Fruit characteristics and chemical composition of some varieties of velvet beans (mucuna spp) found in Benue State of Nigeria

C D Tuleun, S N Carew* and J A Patrick

Department of Animal Nutrition, University of Agriculture, Makurdi
*Department of Animal Production, University of Agriculture, Makurdi
sncarew2001@yahoo.com

Abstract

Fruits from six varieties of Mucuna (velvet bean) were gathered from various locations in Benue State, north central region of Nigeria. The fruit and seed characteristics were noted, and the seeds were analyzed for amino acids and other nutrients, and also for content of the anti-nutritional factors commonly found in legumes.   

 

The seeds were found to contain (g/100g dry matter) 27-29 crude protein, 5-9 crude fat, 3-4 crude fibre, 4 ash, 46-50 NFE and 4 kcal/g gross energy.   Mineral content (%) estimates were:  phosphorus 0.18-0.59, calcium 0.45-0.94, sodium 0.08-0.14, magnesium 0.17-0.46. Other estimates (mg/kg) for minerals included  iron 130.7-135, manganese 44.53-85.57, copper 11.90-17.40 and zinc 73.9-114.  The mucuna seeds were found to contain comparatively high amounts of critical amino acids such as lysine (5.51-6.52%), cysteine (0.95-1.32%) and methionine (1.18-1.34%).  Anti-nutrient factor content estimates were: L-3,4 dihydroxyphenylalanine (L-Dopa )  4.75 - 6 .27%; tannin 0.12-0.25%; phytate 0.08-0.22%; oxalate 0.01-0.03%; saponin 0.21-0.74%; alkaloids 1.22-2.30%; HCN 5.3-13.4mg/kg; trypsin inhibitors 8.3-31.4 Tui.

 

The high content of nitrogen and very good essential amino acid profile of the seeds suggest that they could serve as major sources of essential nutrients to livestock.  Mucuna cochinchinensis (mottled) and Mucuna pruriens seem to be the most promising for feeding monogastric animals, since they contain comparatively lower levels of anti-nutrients.
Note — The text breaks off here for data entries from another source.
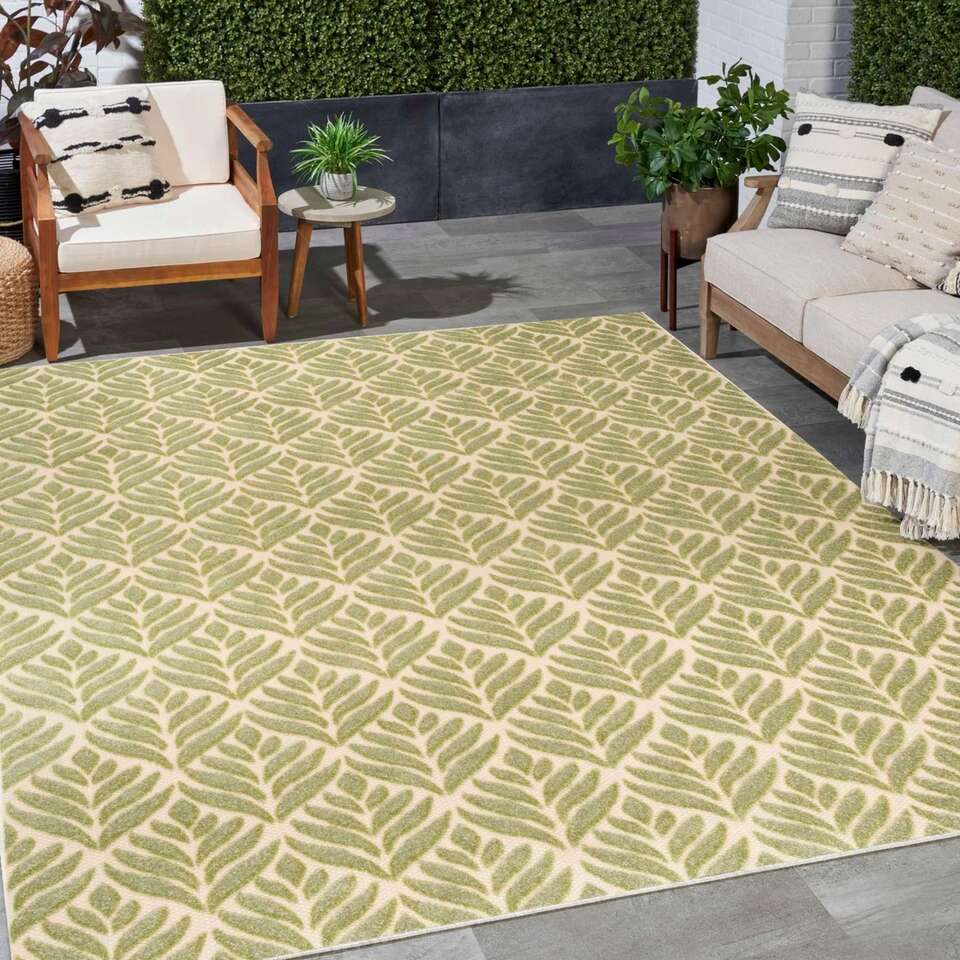 Transform your patio, porch, or deck into a tropical oasis with this Veranda indoor/outdoor rug. Its flatwoven surface is adorned with an eye-catching raised leaf pattern that adds delightful texture to your floors. Choose from colorful or neutral colorways to suit your design needs. Stain-resistant polypropylene fibers are easy to clean: simply sweep away debris, hose rinse, and air dry.
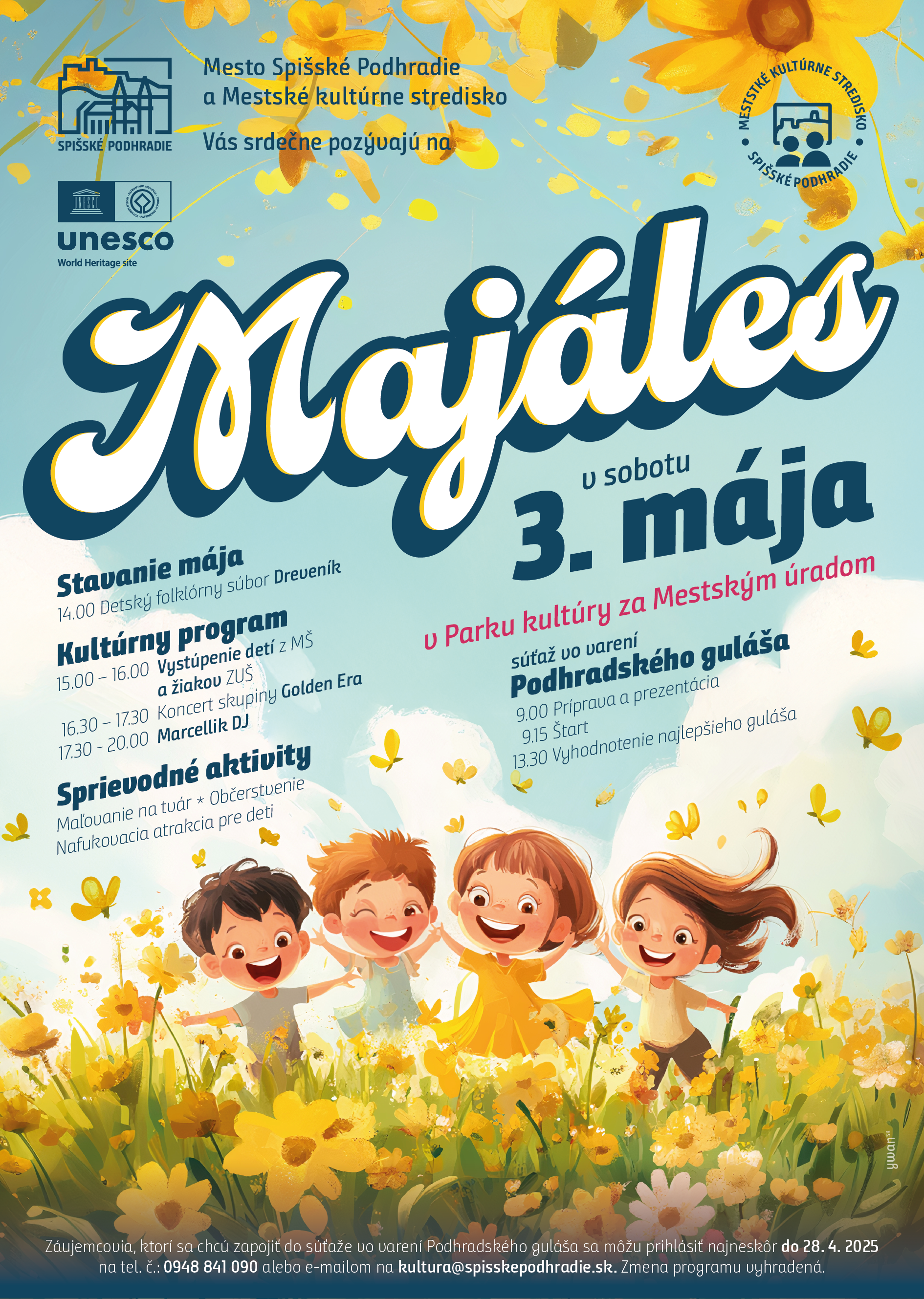 Srdečne Vás pozývame na tradičný Podhradský MAJÁLES, ktorý sa uskutoční v sobotu 3. mája 2025 v Parku kultúry za Mestským úradom.
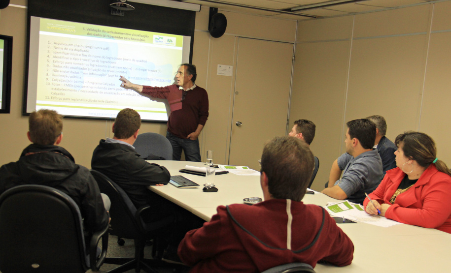 Participaram da reunião desta quinta-feira, em Curitiba, nove profissionais das áreas de cartografia, geoprocessamento, planejamento urbano, meio ambiente, obras e urbanismo dos seguintes municípios: Campo do Tenente, Colombo, Fazenda Rio Grande, Lapa, Mandirituba, Pinhais, Piraquara, Rio Branco do Sul e São José dos Pinhais. “Nós apresentamos uma ferramenta para aperfeiçoar o planejamento e a gestão urbana nos municípios. Trata-se de uma revolução no trabalho integrado do conjunto de técnicos. As prefeituras podem desenvolver um trabalho articulado que gera bons resultados à população”, enfatiza Meira.
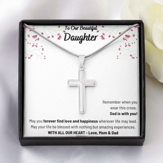 To Our Beautiful Daughter - Remember when you wear this cross, God is with you - Stain Steel Cross Necklace and Chain
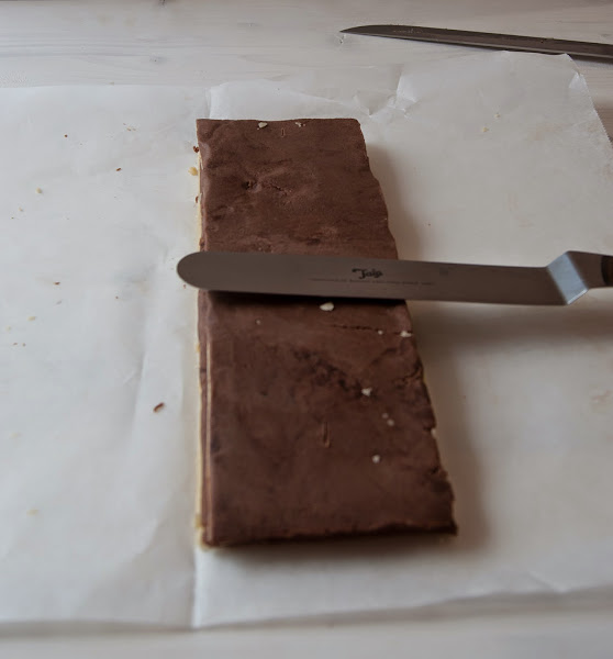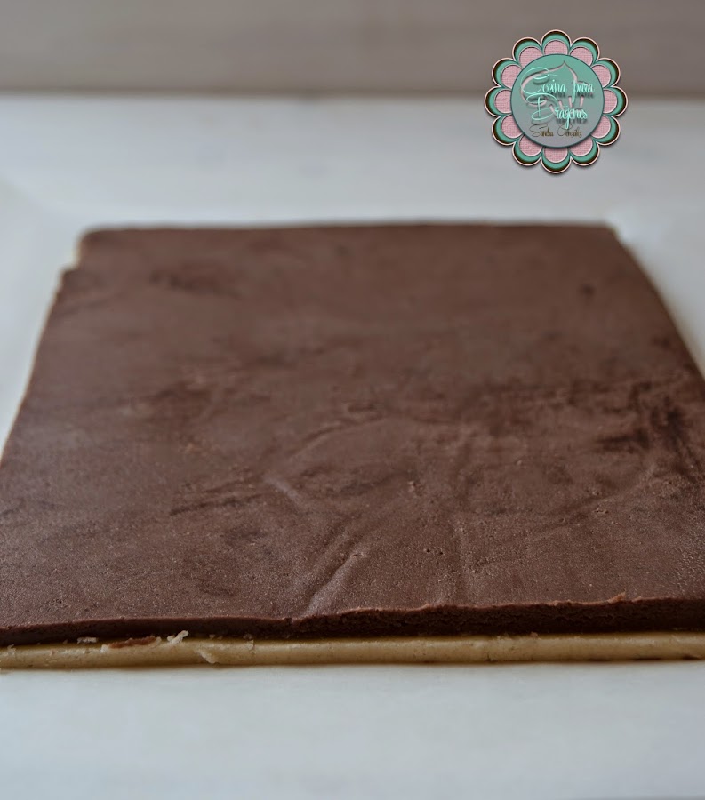 3) estiramos cada masa entre dos papeles de hornear formando un rectángulo con cada uno. Reservamos en la nevera hasta que se endurezcan.
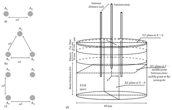 Figure 3d shows an example of a triangular configuration of antennas that was used to implement this study. Moreover, model dimensions, distance between antennas (ad), bone thickness (bt), and the axes of the observation planes that were used for the antenna performance evaluation, are represented.
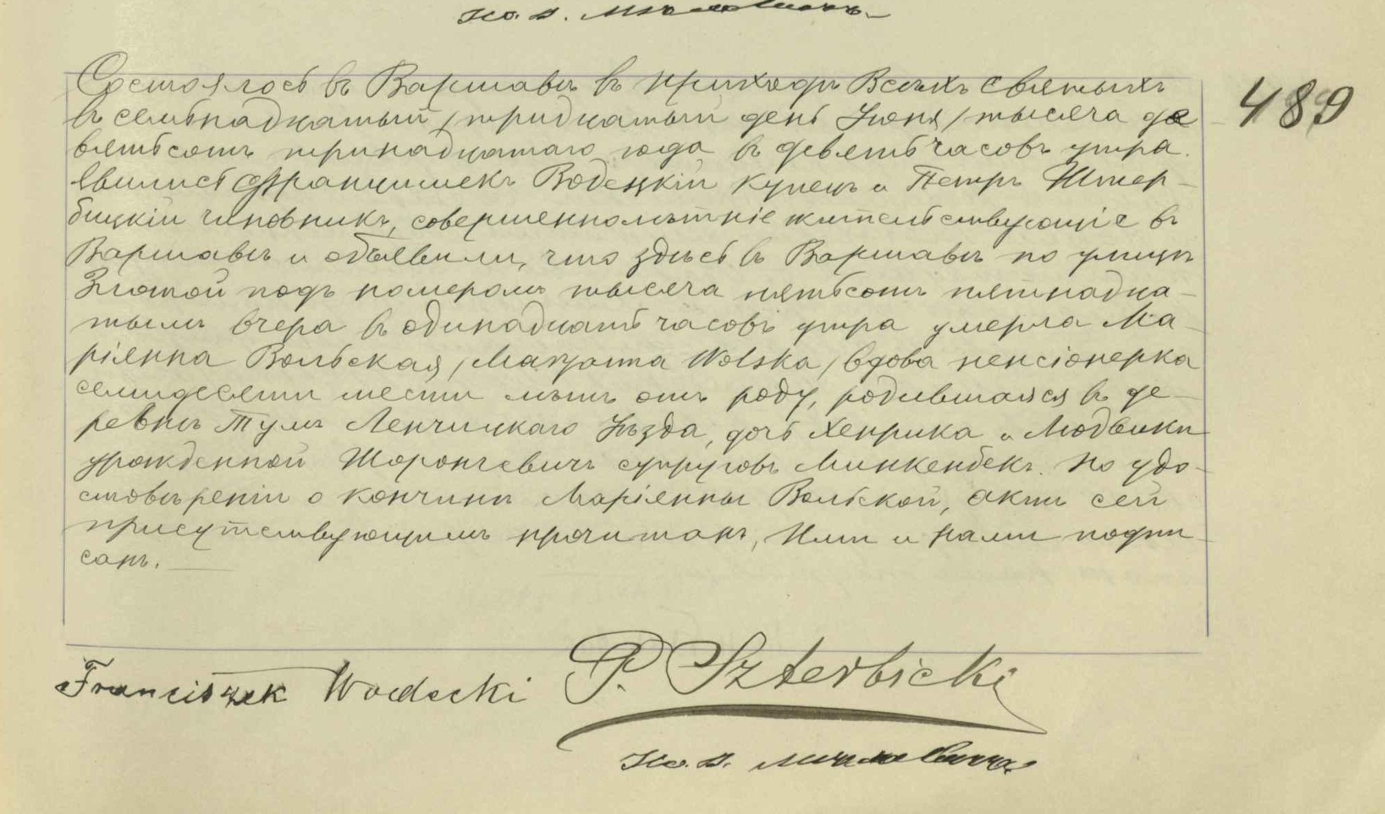 - urodzenie: Akt urodzenia: Tum (obecn. woj. łódz.), 20/1832 - chrzest: Akt urodzenia: Tum, 20/1832 - ślub: Akt małżeństwa: Łowicz Kolegiata (obecn. woj. łódz.), rok 1857, nr aktu 48 [indeks na http://geneteka.genealodzy.pl/] https://metryki.genealodzy.pl/id225-sy1857 [podgląd] - zgon: Akt zgonu: Warszawa Wszystkich Świętych (obecn. m. Warszawa), 489/1913 http://localhost/mjm/wwswietych_1913_0484-0489.jpg [podglad]

Keywords: anti-nutritional factors, Mucuna, unconventional feedstuffs, velvet beans


Introduction

The Mucuna bean, commonly called velvet bean, is an annual leguminous climber, with pods that are covered with velvety hairs that irritate the skin when the fruit is mature and dry. The major use for mucuna, at present, is as a green manure/cover crop for small holder farmers in tropical regions of the world.  It produces, on the average, 1-2 tons/ha of seed, resists most pests and diseases, including strains of nematodes which commonly attack legumes (Wanjekechi et al 2003; Skerman et al 1988).  In addition, it has nutritional potential as a rich source of protein (23-35%) (Bressani 2002; Teixeira  et al 2003) and metabolisable energy of about 1kcal/g for raw seeds and 3.2kcal/g for processed Mucuna pruriens seeds (Ukachukwu and Obioha 1997; Ukachukwu et al 1999). 

 

Mucuna is used as a minor food crop in several countries of Asia and Africa.  In South East Asia, the immature pods and leaves of mucuna beans are used as vegetables.  The seeds of Mucuna sloanei and Mucuna urens are used by ethnic groups of eastern Nigeria as a condiment or as garnishing for the main dish (Ukachukwu et al 2002; Onweluzo and Eilitta 2003).

           

The limited reports available on its nutrient composition show that mucuna compares favourably with other edible grain legumes (Iyaji and Egharevba 1998; Ahenkora et al 1999).   In common with most other legumes, toxic constituents in the seeds have been reported, which interfere with the digestion and assimilation of nutrients especially in monogastric animals (Udedibie and Carlini 1998; Siddhuraju et al 2000). Twelve Mucuna varieties are recognized at IITA, but there has been only limited systematic evaluation of their nutritional characteristics (Ezeagu et al 2003). 

 

Adequate information on the chemical composition of a material is a pre-requisite for its effective utilization in animal nutrition.  Given its remarkable nutritional potential, there is a need for detailed physical characterization and nutritional evaluation of all available varieties of Mucuna. In Benue State, North Central Nigeria, a number of mucuna bean varieties exist, and are  utilized in various ways by the local population, including medicinal purposes, and 

this study is designed to evaluate their proximate and mineral composition, amino acid profile and anti-nutritional factor content.

 

Materials and methods 

Fruit sources and characteristics

 

Mature mucuna fruits were harvested during January and February 2006 from natural stands at various locations in Benue State, which is located in the north central region of Nigeria. Benue state lies between longitudes 6o 45'E and 8o 15' E, and latitudes 7o 30'N and 9o 45N. The locations of collection and the fruit and seed characteristics are described in Table 1.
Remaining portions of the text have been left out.